Task inputs
______________________________

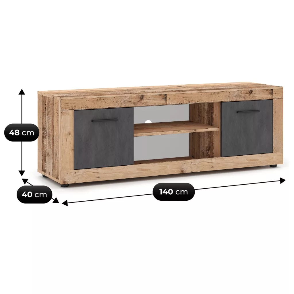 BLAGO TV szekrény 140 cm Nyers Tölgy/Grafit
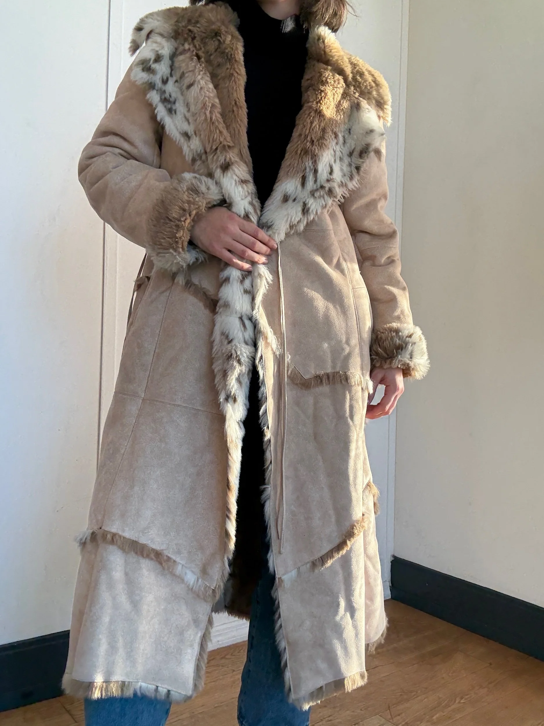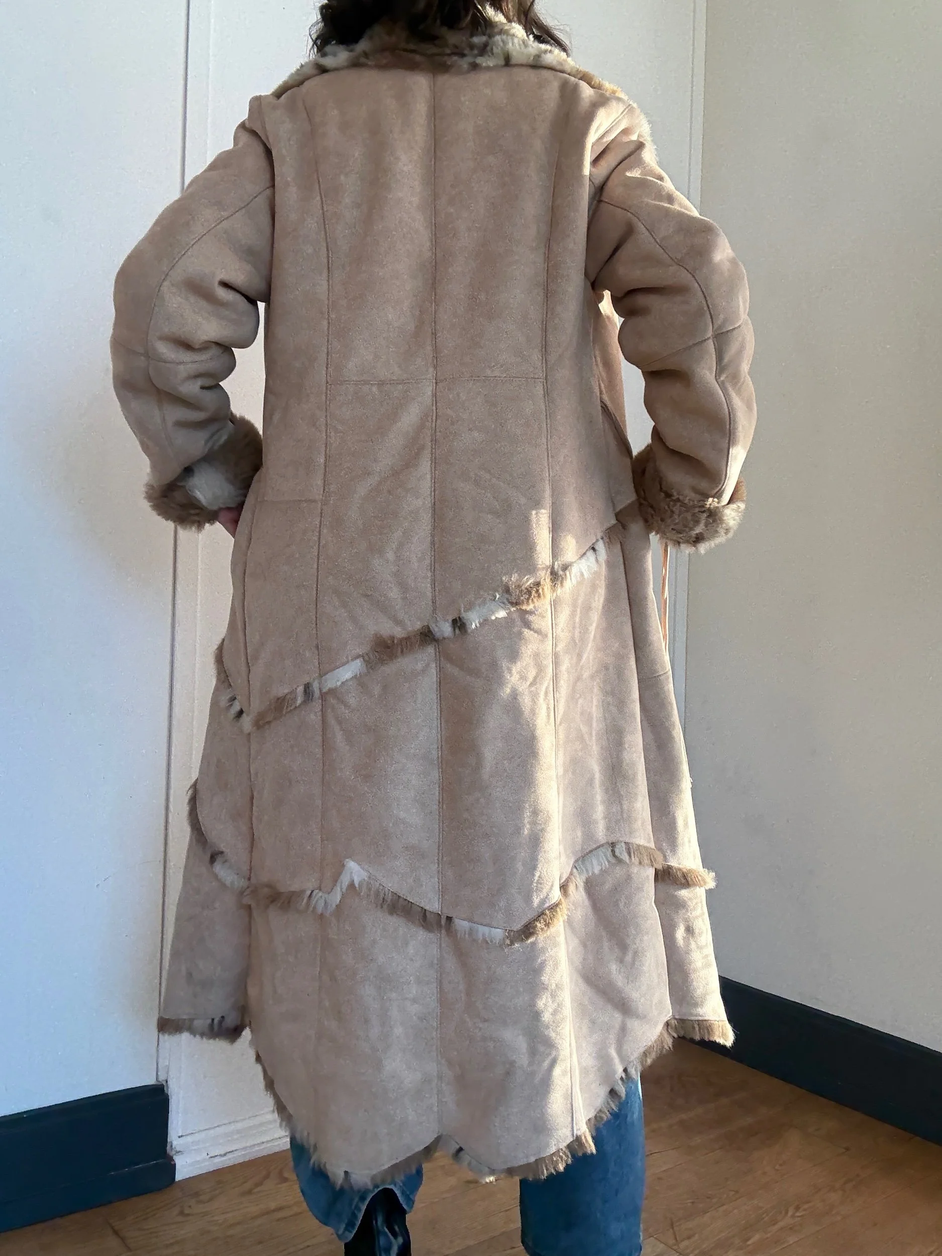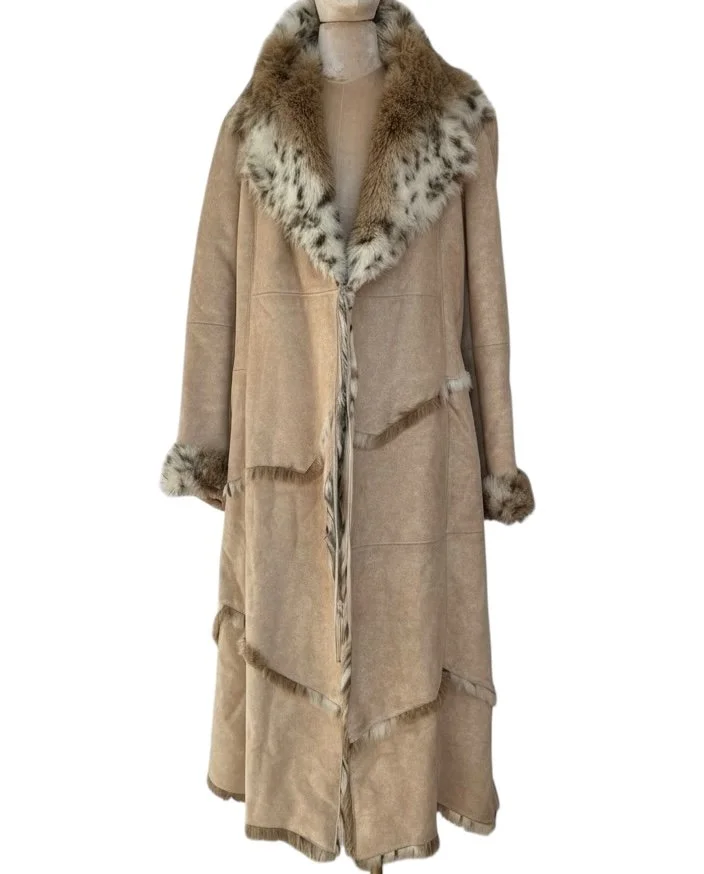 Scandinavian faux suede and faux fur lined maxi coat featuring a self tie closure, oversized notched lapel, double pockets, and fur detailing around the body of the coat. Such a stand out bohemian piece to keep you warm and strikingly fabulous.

______________________________

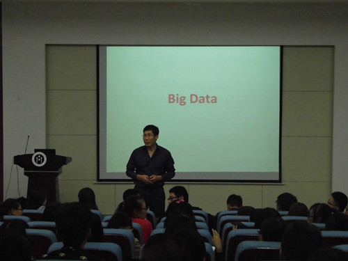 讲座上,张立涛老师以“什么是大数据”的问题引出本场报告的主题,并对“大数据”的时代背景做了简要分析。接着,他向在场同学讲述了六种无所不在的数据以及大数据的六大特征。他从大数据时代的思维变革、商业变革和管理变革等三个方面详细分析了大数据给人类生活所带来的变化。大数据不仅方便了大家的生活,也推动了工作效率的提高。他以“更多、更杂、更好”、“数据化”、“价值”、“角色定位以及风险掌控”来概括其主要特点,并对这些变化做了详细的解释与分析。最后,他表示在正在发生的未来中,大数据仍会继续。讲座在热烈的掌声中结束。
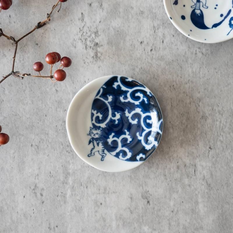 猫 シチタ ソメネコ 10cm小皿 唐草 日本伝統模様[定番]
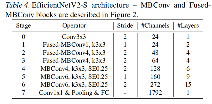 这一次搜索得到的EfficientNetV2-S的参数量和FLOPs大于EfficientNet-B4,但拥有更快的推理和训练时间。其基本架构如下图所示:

______________________________

Exercise goal
Copy the entries above exactly, but only the stretch from the line containing "猫 シチタ ソメネコ 10cm小皿 唐草 日本伝統模様[定番]" through the line containing "这一次搜索得到的Effici". Keep both end lines; drop the pictures.

Expected answer
 猫 シチタ ソメネコ 10cm小皿 唐草 日本伝統模様[定番]
 这一次搜索得到的EfficientNetV2-S的参数量和FLOPs大于EfficientNet-B4,但拥有更快的推理和训练时间。其基本架构如下图所示:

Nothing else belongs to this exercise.